Groups joined at Stephen's United Methodist Church for a talk on the concerns. Attendees say that they are not happy with how they feel the NYPD interacts with people who have mental health issues, particularly with regard to the emergency system that the city has in place.

They say if someone is going through a psychiatric crisis, the 911 dispatcher almost always sends police officers.

The activists claim they've learned from experience that the police response tends to range from being an inappropriate and inadequate to being hazardous to the person who needs help and their loved ones present at the time.

They add that this leads to harm, unnecessary incarceration, or sometimes even death.

"This is a group of people who are coming together to call for a different response and to bring pressure on the city's policymakers to put in place a different response, where instead of the 911 dispatcher sending the cops, the dispatcher has enough information about mental health professionals and mediation specialists across the city, so they send mental health professionals instead,” says Bob Gangi, director of the Police Reform Organizing Project.

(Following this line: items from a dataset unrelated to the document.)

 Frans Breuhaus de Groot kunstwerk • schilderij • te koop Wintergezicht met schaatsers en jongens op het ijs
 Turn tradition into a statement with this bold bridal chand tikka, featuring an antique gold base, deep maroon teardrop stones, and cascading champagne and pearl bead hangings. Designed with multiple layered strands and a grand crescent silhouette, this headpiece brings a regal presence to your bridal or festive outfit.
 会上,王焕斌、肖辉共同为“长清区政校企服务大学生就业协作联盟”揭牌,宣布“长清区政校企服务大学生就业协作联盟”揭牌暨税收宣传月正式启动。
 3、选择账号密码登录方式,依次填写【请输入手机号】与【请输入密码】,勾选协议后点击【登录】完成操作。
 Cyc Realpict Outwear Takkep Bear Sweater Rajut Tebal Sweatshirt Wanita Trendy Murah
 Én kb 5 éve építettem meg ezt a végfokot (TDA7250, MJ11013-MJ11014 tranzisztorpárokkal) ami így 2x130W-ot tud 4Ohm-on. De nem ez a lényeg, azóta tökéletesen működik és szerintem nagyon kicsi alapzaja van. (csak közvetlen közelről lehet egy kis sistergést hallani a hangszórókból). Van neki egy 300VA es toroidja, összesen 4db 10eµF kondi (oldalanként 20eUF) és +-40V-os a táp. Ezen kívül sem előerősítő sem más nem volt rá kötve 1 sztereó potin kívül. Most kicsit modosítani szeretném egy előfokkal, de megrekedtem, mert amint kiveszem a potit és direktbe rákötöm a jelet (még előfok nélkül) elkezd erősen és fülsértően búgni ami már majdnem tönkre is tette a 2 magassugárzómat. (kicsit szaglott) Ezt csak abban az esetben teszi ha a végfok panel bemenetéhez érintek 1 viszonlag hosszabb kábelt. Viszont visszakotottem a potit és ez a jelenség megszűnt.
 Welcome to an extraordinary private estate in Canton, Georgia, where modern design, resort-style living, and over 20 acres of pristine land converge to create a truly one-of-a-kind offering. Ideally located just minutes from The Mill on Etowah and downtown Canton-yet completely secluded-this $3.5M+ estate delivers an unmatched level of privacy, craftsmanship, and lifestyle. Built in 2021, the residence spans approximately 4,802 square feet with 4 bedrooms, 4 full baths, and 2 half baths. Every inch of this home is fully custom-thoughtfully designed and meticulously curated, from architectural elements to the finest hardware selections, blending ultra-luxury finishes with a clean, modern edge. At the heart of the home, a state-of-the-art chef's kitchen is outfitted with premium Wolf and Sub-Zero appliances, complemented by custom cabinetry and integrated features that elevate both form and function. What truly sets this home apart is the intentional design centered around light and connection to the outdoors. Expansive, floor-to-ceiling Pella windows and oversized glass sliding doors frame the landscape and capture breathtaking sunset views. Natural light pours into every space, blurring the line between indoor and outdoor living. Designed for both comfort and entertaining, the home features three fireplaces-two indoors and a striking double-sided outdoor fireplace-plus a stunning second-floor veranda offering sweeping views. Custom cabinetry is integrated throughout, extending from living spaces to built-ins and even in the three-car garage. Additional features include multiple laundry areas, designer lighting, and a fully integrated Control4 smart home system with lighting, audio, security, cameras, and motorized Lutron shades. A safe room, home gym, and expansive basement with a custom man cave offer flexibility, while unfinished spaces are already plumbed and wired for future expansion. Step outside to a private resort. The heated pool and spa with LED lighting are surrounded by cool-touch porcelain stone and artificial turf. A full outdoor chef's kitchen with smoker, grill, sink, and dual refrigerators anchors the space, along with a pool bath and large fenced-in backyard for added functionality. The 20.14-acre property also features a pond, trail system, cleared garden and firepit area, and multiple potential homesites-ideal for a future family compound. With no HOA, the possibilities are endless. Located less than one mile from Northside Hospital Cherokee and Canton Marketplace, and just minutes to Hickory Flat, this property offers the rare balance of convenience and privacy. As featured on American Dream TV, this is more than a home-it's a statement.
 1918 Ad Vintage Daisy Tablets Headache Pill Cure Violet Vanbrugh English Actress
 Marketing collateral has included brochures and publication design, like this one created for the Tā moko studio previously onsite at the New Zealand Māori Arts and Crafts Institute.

Meanwhile, the NYPD says it works in tandem with its community partners to offer quick and effective aid to those with emotional difficulties, saying in a statement:

"In today's NYPD, every officer receives elemental training in the fundamentals of responding to calls for individuals in crisis, and a majority of our officers have been certified in our specialized crisis intervention team training. Our officers are now better trained and equipped than ever before to identify persons experiencing mental health issues and to effectively communicate with them."